= Maruxa Vilalta =

Catalan-born Mexican playwright and theatre director

Maria Vilalta i Soteras (23 September 1932 - 19 August 2014) was a Catalan-born Mexican playwright and a theatre director. Her plays have been translated, published and produced in numerous countries. She won the critic’s prize for the best play of the year ten times. In November 2010 she was awarded the National Prize for Arts and Sciences in the field of Linguistics and Literature, for her work which has national and international resonance.

==Early life and education==
Maruxa Vilalta was born in Barcelona in 1932, daughter of lawyer Antonio Vilalta y Vidal, and María Soteras Maurí. Antonio Her father was a supporter for the Estatut de la Generalitat and one of the founders of Esquerra Republicana party. He was also a distinguished jurist, elected and proclaimed deputy of the Ilustre Colegio de Abogados de Barcelona. María Soteras was the first woman to graduate with a degree in law from the University of Barcelona and she was also a member of the Colegio de Abogados. In 1936, at the start of the Civil War in Spain, they went in exile to Brussels and they arrived in Mexico by the way of New York City in 1939. She became a Mexican citizen at eight years of age. She received all her education in Mexico, from primary school and then six years of French baccalauréat at the Liceo Franco Mexicano. She enrolled in the School of Liberal Arts at the Universidad Nacional Autónoma de México, where she studied for a master's degree in Spanish literature.

==Career==
Vilalta started as a novelist. Her first works were El castigo (The Punishment) in 1957, Los desorientados (The Disoriented Ones), reprinted several times in 1959, and Dos colores para el paisaje (Two Colors for the Landscape) in 1961. She adapted Los desorientados for the theatre and since the first performance, in 1960, she began her career as a playwright. She wrote dramas and some short stories, among them El otro día, la muerte (The Other Day, Dead), a 1974 collection which includes Diálogos del narrador, la muerte y su invitado (Dialogues of the Narrator, Death and Her Guest), Romance con la muerte de agua (The Romance of Watery Death), Aventura con la muerte de fuego (Adventure with Fiery Death), and Morir temprano, mientras comulga el general (To Die Early, While the General Receives Communion).
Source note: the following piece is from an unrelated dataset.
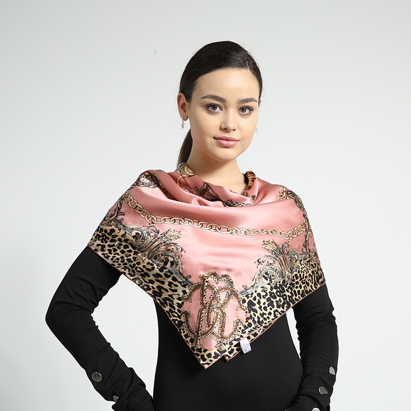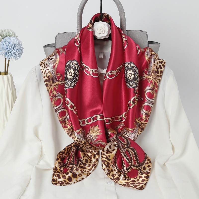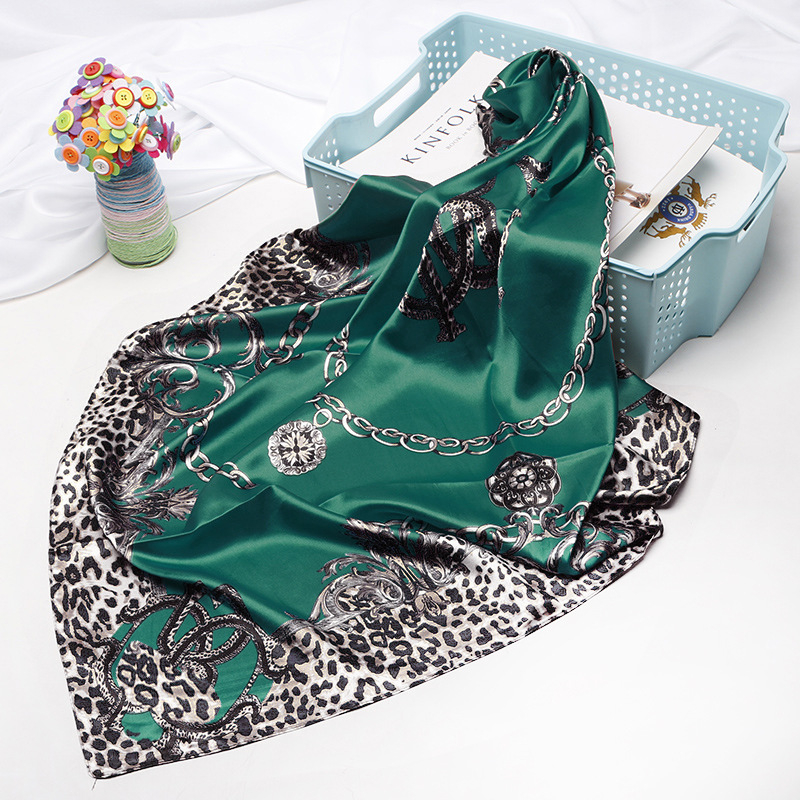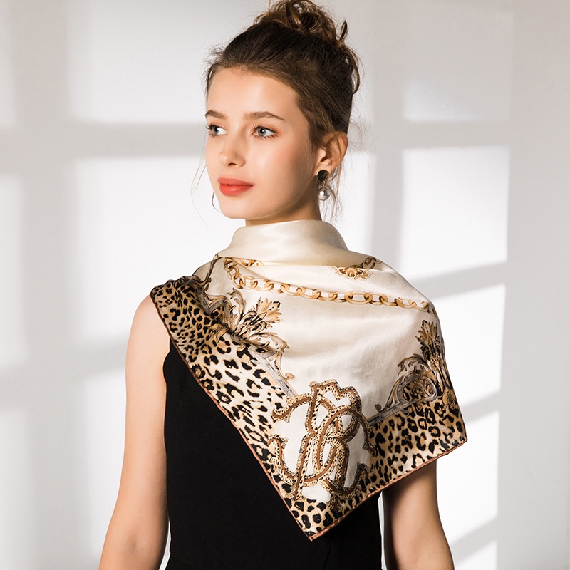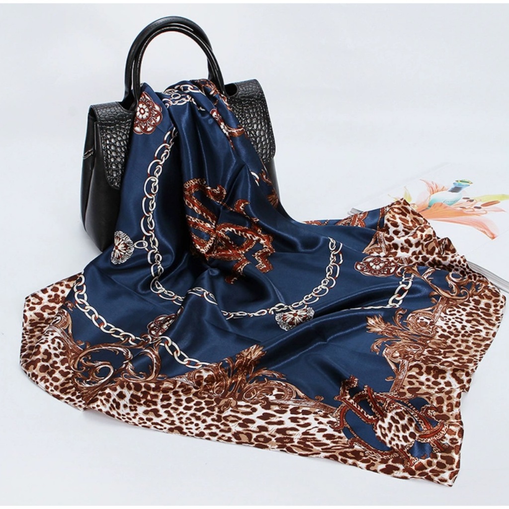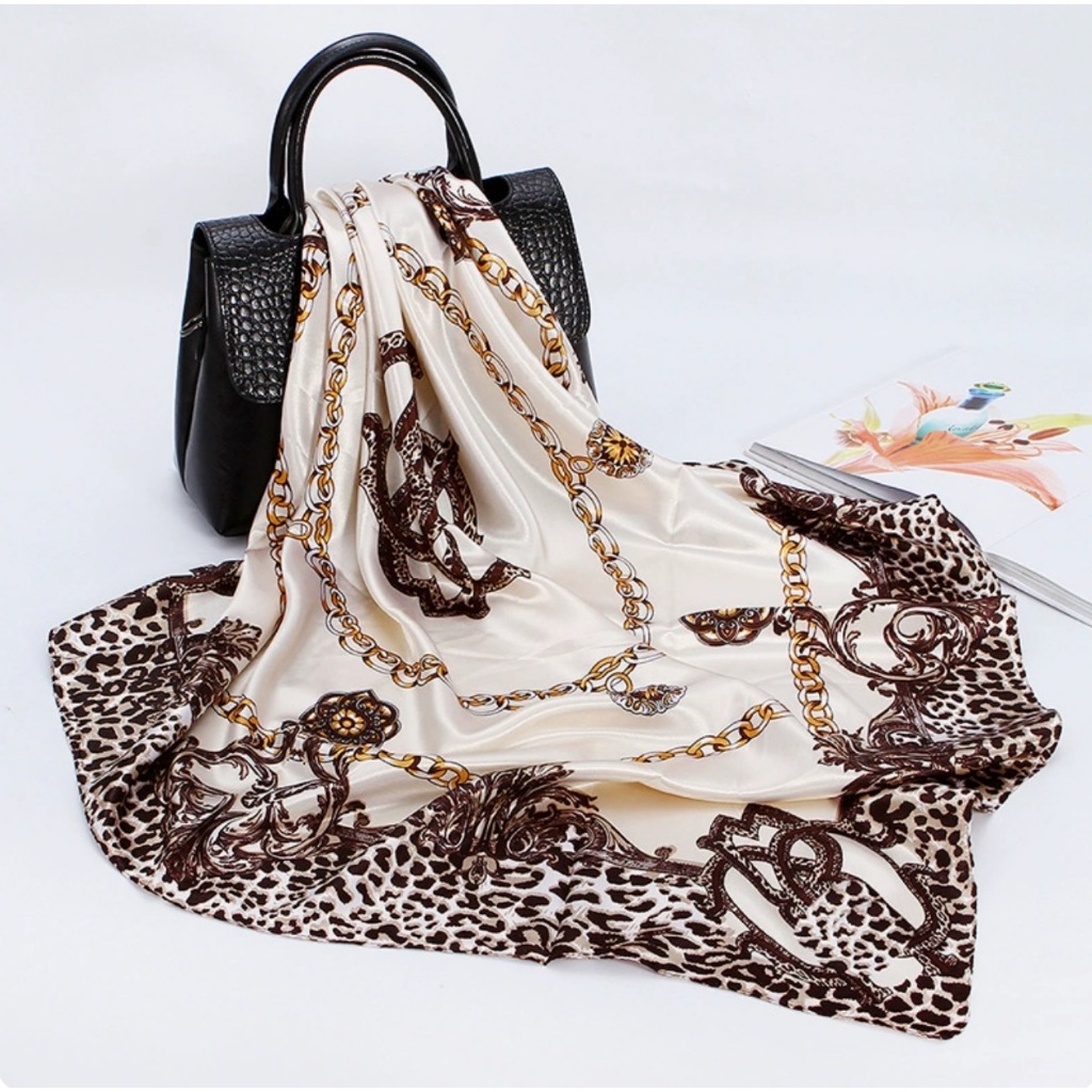 Lenço Seda Pescoço Echarpe Cetim Estampas Leopardo 90cmx90cm

Vilalta was a stage manager in plays by such writers as Jean Anouilh, Peter Ustinov, and many others. Since 1970, she only managed her own plays, however. She gave theater courses, seminars and conferences in universities and cultural centers from Mexico and other countries. Researcher María Elena Reuben, of Hofstra University (New York), compiled a bibliography of Vilalta's work.

Fondo de Cultura Económica published several plays by Vilalta in the collections Teatro I (1972, fourth edition 1997), Teatro II (1989, second edition 1992) and Teatro III (1990, third edition 1994).

In 2002 the Universidad Nacional Autónoma de México (UNAM) published, in "Voz Viva" series, the CD-book Antología de teatro (Anthologie of Theatre), with selections from plays of Maruxa Vilalta in the voice of the author and in published texts. The same year, the Sociedad General de Escritores de México publishes three plays from this dramaturge in the CD Cien años de teatro mexicano (One Hundred Years of Mexican Theater). In November 2003 Fondo de Cultura Económica published Antología de obras de teatro de Maruxa Vilalta (Anthology of Theatrical Works by Maruxa Vilalta) in its collection, Letras Mexicanas. In 2006, Edwin Mellen Press (Lewiston, New York) published A Voice in the Wilderness. The Life of Saint Jerome, translated by Edward Huberman and Sharon Magnarelli.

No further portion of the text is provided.